The EUR/USD is Likely to Reach its March 24 Low
The pair is facing a number of headwinds, including rising interest rates in the United States and the war in Ukraine.
Introduction
The EUR/USD has been on a downward trend since the start of the year, and it is now trading at its lowest level since March 2020. There are a number of factors that could contribute to the pair reaching its March 24 low of 1.0469.
In this thesis, I will discuss the factors that could contribute to the EUR/USD reaching its March 24 low. I will also discuss the implications of this for investors.
Rising Interest Rates in the United States
One factor that could contribute to the EUR/USD reaching its March 24 low is rising interest rates in the United States. The Federal Reserve is expected to raise interest rates several times in 2023, which will make the US dollar more attractive to investors. This could lead to a sell-off in the EUR/USD.
The US dollar is the world’s reserve currency, and it is often seen as a safe haven asset. When investors are worried about the global economy, they often turn to the US dollar. This is because the US dollar is seen as being relatively stable and secure.
The Federal Reserve is expected to raise interest rates in order to combat inflation. Inflation is currently running at a 40-year high, and the Federal Reserve is under pressure to take action. Raising interest rates is one way to combat inflation.
Raising interest rates will make it more expensive for businesses to borrow money and invest. This could lead to a slowdown in economic growth and corporate profits, which could hurt the stock market.
The stock market is a major driver of the EUR/USD. When the stock market is doing well, the EUR/USD tends to appreciate. When the stock market is doing poorly, the EUR/USD tends to depreciate.
If the Federal Reserve raises interest rates and the stock market declines, it could lead to a sell-off in the EUR/USD. This could push the pair down to its March 24 low of 1.0469.
The War in Ukraine
Another factor that could contribute to the EUR/USD reaching its March 24 low is the war in Ukraine. The war has created a lot of uncertainty in the global markets, and this has weighed on the euro. The war could also lead to a slowdown in the European economy, which could further hurt the euro.
The euro is the currency of the European Union, and the European Union is a major trading partner of Ukraine.
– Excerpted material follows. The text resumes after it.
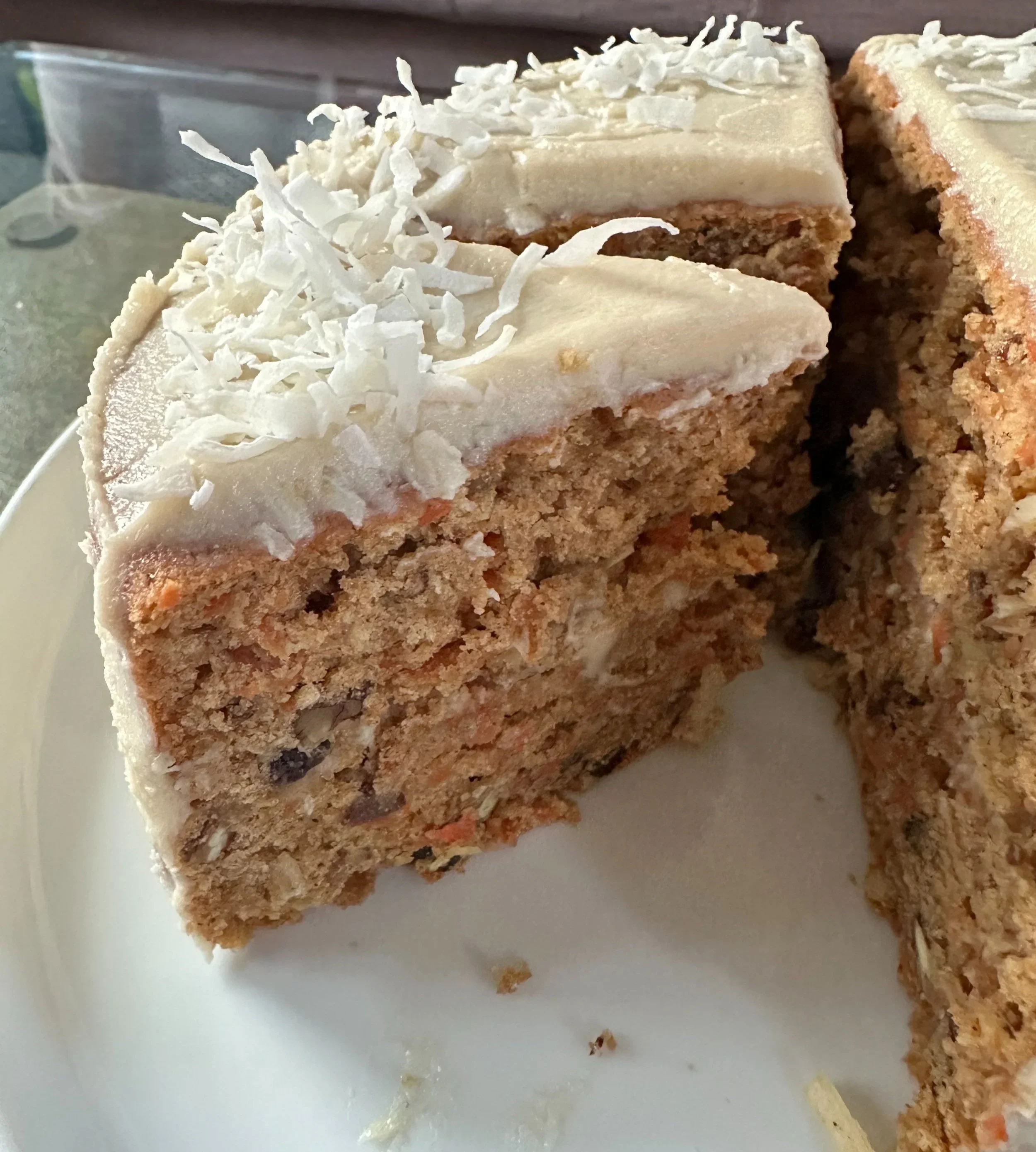 Wholesome Carrot Cake topped with dairy-free Coconut Cream Frosting for a plant-based dessert everyone will love.
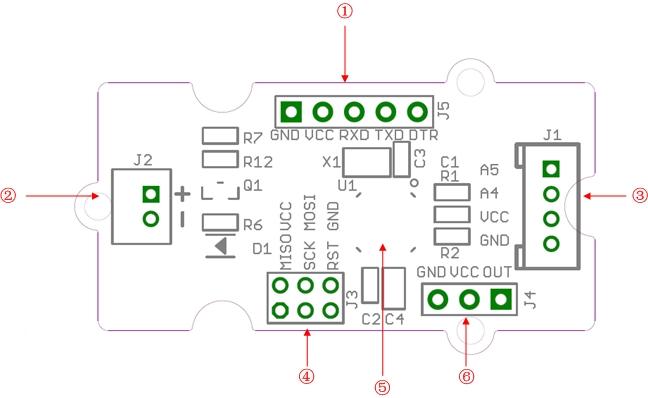 ① UartSBee Interface: Use this interface to change the microcontroller code. Use a [UartSBee](/UartSBee_V4) module to connect to the microcontroller using the Uart interface.② JST 2.0 Interface: Used to connect to a 3.3 volts DC motor(only 3.3 volts)③ Grove Interface④ ICSP Interface⑤ Atmega168 Microcontroller⑥ Servo Interface

The war in Ukraine has disrupted trade between the European Union and Ukraine, and this has hurt the European economy.
The European economy is already facing a number of challenges, including high inflation and rising interest rates. The war in Ukraine could make these challenges even worse. If the European economy slows down, it could lead to a sell-off in the euro. This could push the EUR/USD down to its March 24 low of 1.0469.
Technical Resistance at the 1.06 Level
Finally, the EUR/USD is facing technical resistance at the 1.06 level. If the pair breaks below this level, it could open the door to a move down to the 1.0469 level.
Technical analysis is a method of analyzing financial markets that uses historical price data to predict future price movements. Technical analysts believe that past price movements can be used to identify trends and patterns that can be used to predict future price movements.
The 1.06 level is a significant level for the EUR/USD. The pair has not been below this level since March 2020. If the pair breaks below this level, it could open the door to a move down to the 1.0469 level.
Conclusion
The EUR/USD is facing a number of headwinds, including rising interest rates in the United States and the war in Ukraine. These headwinds could contribute to the pair reaching its March 24 low of 1.0469. Investors should be prepared for the possibility of a move down in the pair and should have a plan in place to protect their portfolios.